Running op-shops in Sydney with an eye for design could be an artist’s delight, but a few years ago the industry took a turn.
“I opened up five stores in Sydney and it was always beautiful donations, like heaps of vintage, really nice designer pieces,” the now Tamworth-based artist said.
“And then it just stopped and all it would get was K-mart and Nike and no one wanted it.
“It stunk, it peeled.”
But this is not a tale told by thrifty fashonista rebuking the rotten raiment filling the racks, there’s a deeper thread to this weaving yarn.
Sophie and her sister Emily have recently teamed up to teach Tamworth a thing or two about the value of production, creation and ditching the throwaway culture shrouding couture and consumption generally.
Working on it
The Honnes sisters have been running loom weaving classes during August, under the name “Fern House Workshops”.

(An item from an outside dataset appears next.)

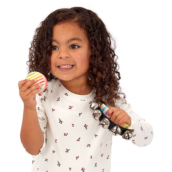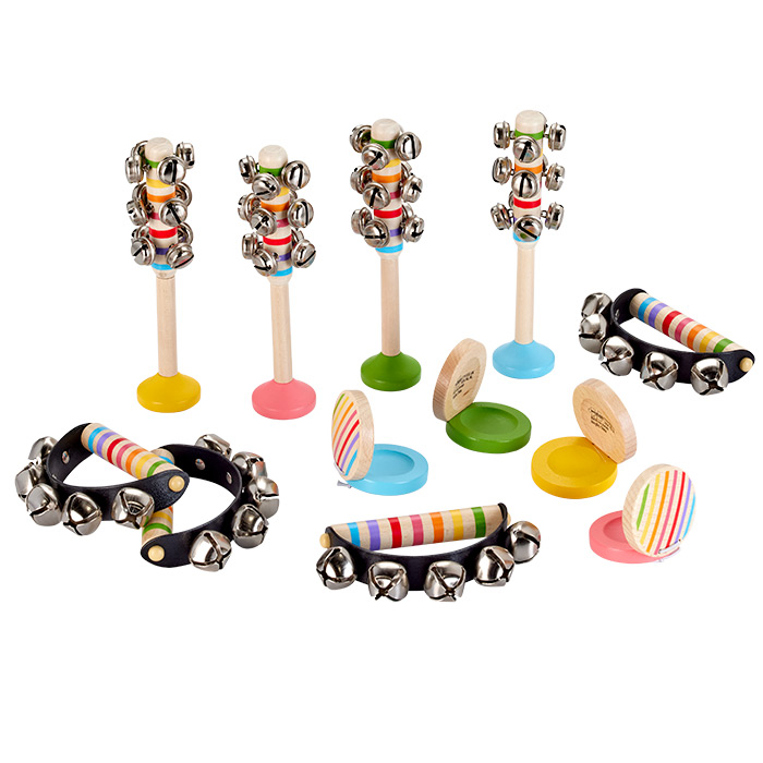 - Includes 4 Bell Sticks, 2 Pairs of Castanets, and 2 Pairs of Handbells

While the workshops are helping people hone the craft of weaving, it also serves as an homage to old skills and hopefully leads to reprisal of handy work in modern life.
They’ve been run out of the Yinarr Maramali cultural centre on Brisbane Street, a place established for Gomeroi women to practice weaving.

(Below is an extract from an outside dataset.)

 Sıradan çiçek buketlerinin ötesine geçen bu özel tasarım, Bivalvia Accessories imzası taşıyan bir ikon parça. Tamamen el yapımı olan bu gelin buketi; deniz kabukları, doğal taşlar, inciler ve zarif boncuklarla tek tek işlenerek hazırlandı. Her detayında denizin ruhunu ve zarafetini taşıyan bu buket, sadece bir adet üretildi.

Emily, whose background involves “a bit of training and sustainable fashion”, explained the link between practice and theory.
“So it’s kind of two-fold where we’re coming from it,” she said.
“We’ve done a bit of research into the history of weaving, we’re in no way experts, but basically every civilisation has some form of weaving, whether it’s for fish nets through to the Middle East and Eygpt where they loomed clothing out of cotton or flax linen or wool actually was really popular.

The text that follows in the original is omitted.